Chronic, non-healing ulcers of the feet are common complications of adults with diabetes, occurring in about 15-20% of diabetics, and often leading to foot amputation. The resulting diabetic foot ulcers (DFU) and subsequent amputations generate significant patient morbidity and millions of dollars of health care expenditures. Even with the best standard of care, which is debridement of non-viable tissue, off-loading of weight-bearing and treatment of infection, only 30% of diabetic foot ulcers can be expected to heal within a 20 week treatment period. There is clearly an unmet need for better and more effective treatments to improve healing of these ulcers. New therapies are limited, but among them are bioengineered skin substitutes that incorporate elements of an extracellular matrix that is proposed to encourage angiogenesis and in-growth of new tissue, along with living cells, to generate the cytokines needed for wound repair. However the cost of engineered tissue can be staggering: $1,800 per application, and 8 applications required-to achieve the 50% healing rate noted in the clinical trials. We note that other biological tissues have also been shown to be effective in improving the rate of healing of diabetic ulcers, and these tissues, devoid of living cells and simpler to prepare for use, have also been found to be effective in healing ulcers with reported similar increased rates compared to standard of care. These non-cellular tissues however, are orders of magnitude cheaper than bioengineered tissues. We hypothesize that there is no difference in efficacy between these two product types, and that using the less expensive matrix could save our health care system millions of dollars without compromising patient health. Our goal in this proposal is to test this hypothesis using a randomized clinical trial. We propose a randomized, single blinded, clinical trial with four arms: standard of care, standard of care plus Dermagraft(R) (bioengineered extracellular matrix containing living fibroblasts), standard of care plus Apligraf(R) (bioengineered extracellular bilayered matrix containing living keratinocytes and fibroblasts), standard of care plus Oasis(R) (Healthpoint, Ltd.), extracellular matrix devoid of living cells in patients with non-healing diabetic foot ulcers. We plan to determine:
Specific Aim 1 : Effectiveness of each treatment arm in achieving the primary endpoint of wound closure at 12 weeks and secondary outcomes of complete closure at 20 weeks, and rate of healing in each treatment arm.
Specific Aim 2 : Cost analysis to determine which bioengineered extracellular matrix for the treatment of diabetic foot ulcers is most cost effective in reducing healthcare costs.
Specific Aim 3 : The genetic signature of non-healing vs. healing diabetic ulcers to identify biomarkers predictive for a wound that will heal within 12-20 weeks of treatment. Our work could provide not only important savings to our health care system, but also improved access to limb and life saving therapies for healing DFU to millions of affected individuals.

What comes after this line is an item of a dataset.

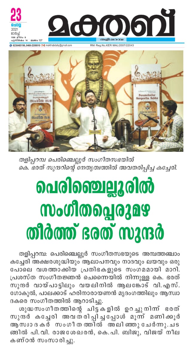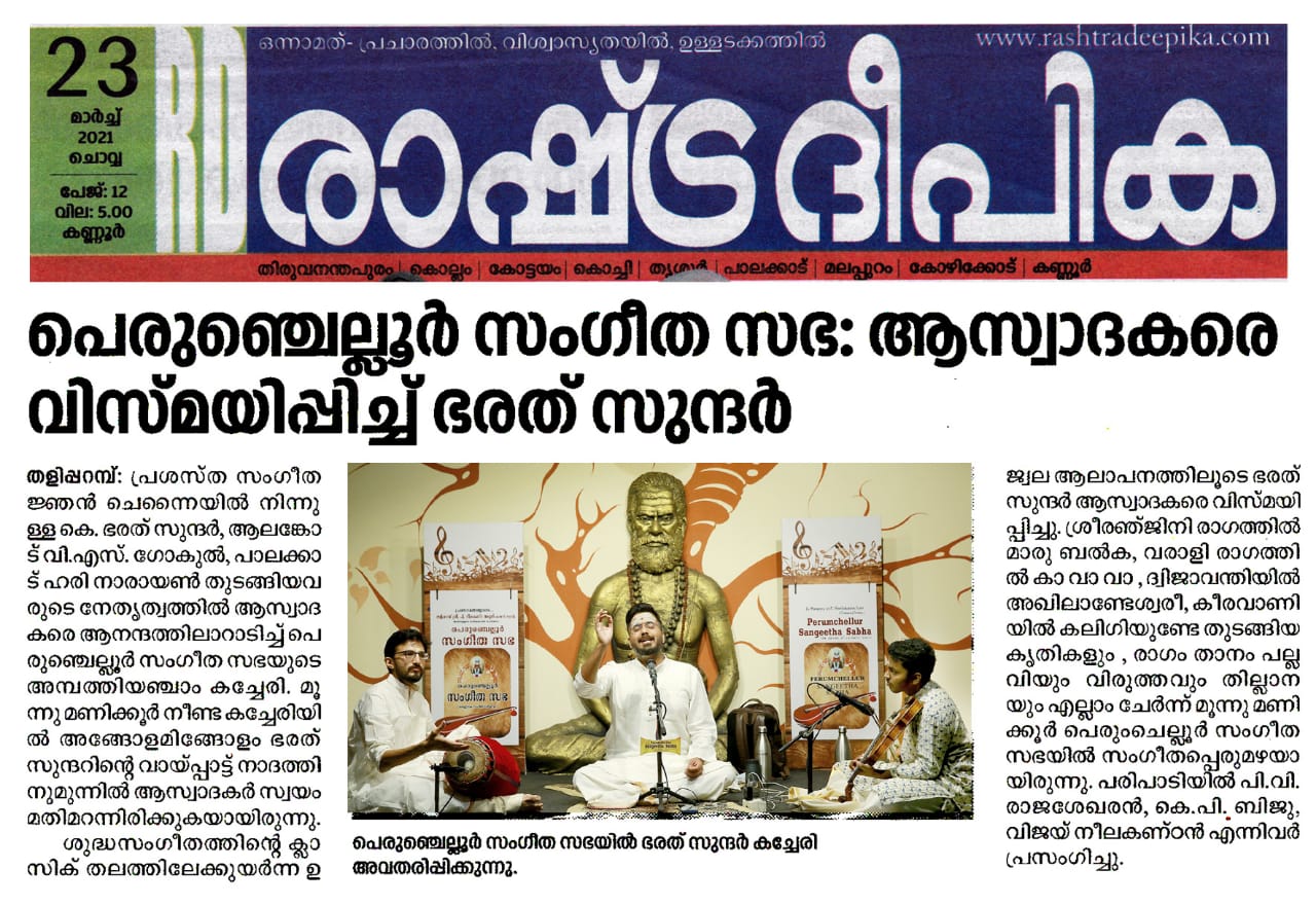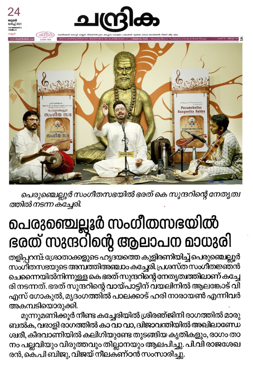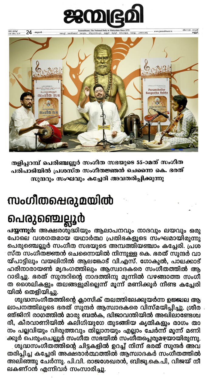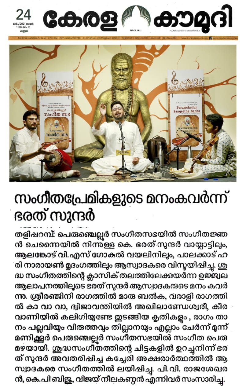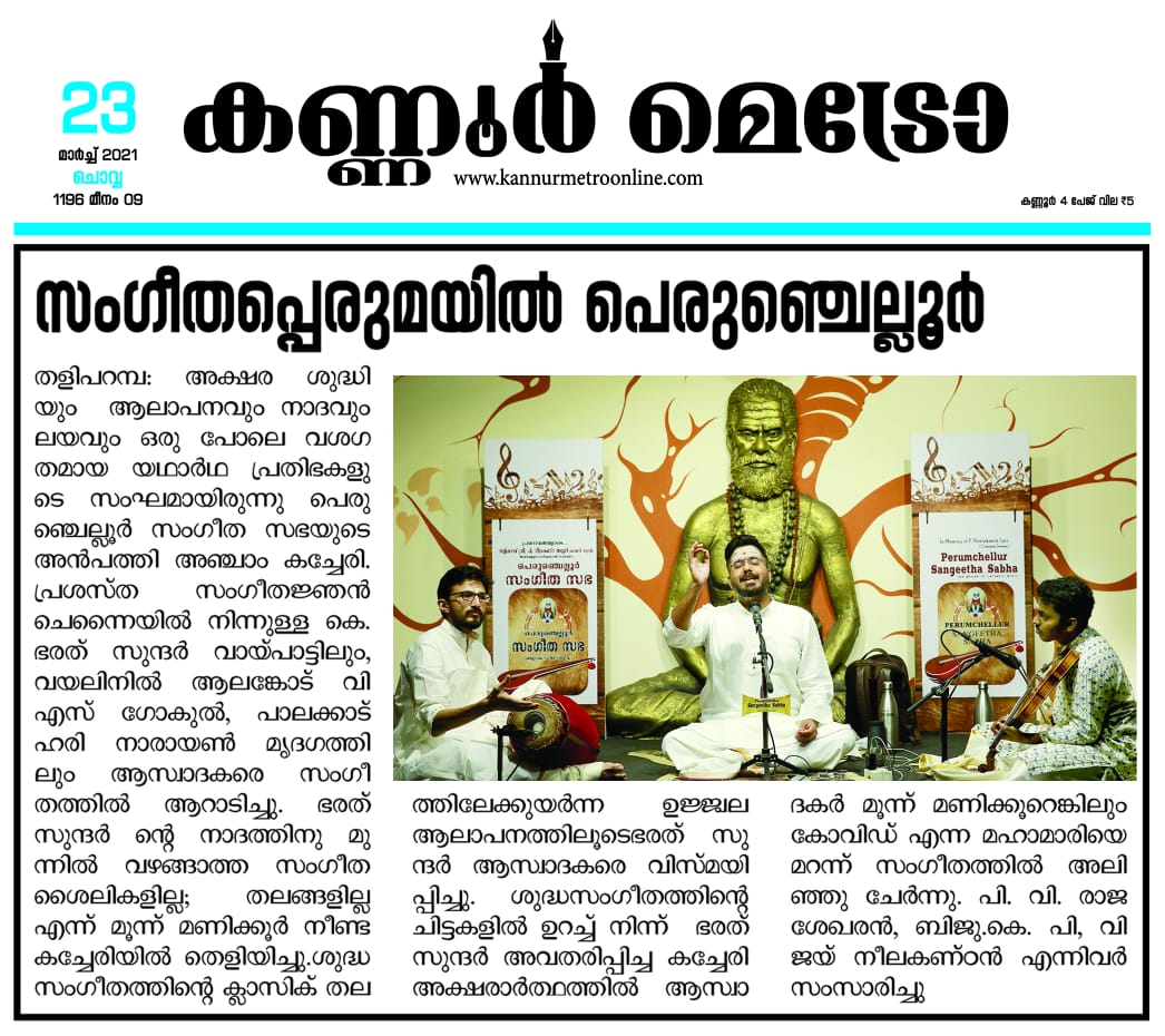 ഭരത് സുന്ദർ ആസ്വാദകരെ വിസ്മയിപ്പിച്ചു. ശ്രീരഞ്ജിനി രാഗത്തിൽ മാരു ബൽക, വരാളി രാഗത്തിൽ കാ വാ വാ , ദ്വിജാവന്തിയിൽ അഖിലാണ്ടേശ്വരീ, കീരവാണിയിൽ കലിഗിയുണ്ടേ തുടങ്ങിയ കൃതികളും , രാഗം താനം പല്ലവിയും വിരുത്തവും തില്ലാനയും എല്ലാം ചേർന്ന് മൂന്ന് മണിക്കൂർ പെരുംചെല്ലൂർ സംഗീത സഭയിൽ സംഗീത പ്പെരുമഴയായിരുന്നു.

Diabetic foot ulcers are a difficult and increasing common problem among our VA patient population, with few treatment options that offer greater than 50% cure rate within 12 weeks of treatment. Some of the newer treatment options that are approved and widely used include cell- based engineered tissues that are expensive and difficult to use in the clinic or at home. The study proposed in this application will compare new tissue engineered products for healing diabetic ulcers: two cell-based and one cell-free, to determine which is more effective and has better patient outcomes. If the cell-free product is equally effective as the cell-based one (that is 100-fold less expensive), the VA health care system could save millions of health care dollars while providing optimal care for healing diabetic wounds.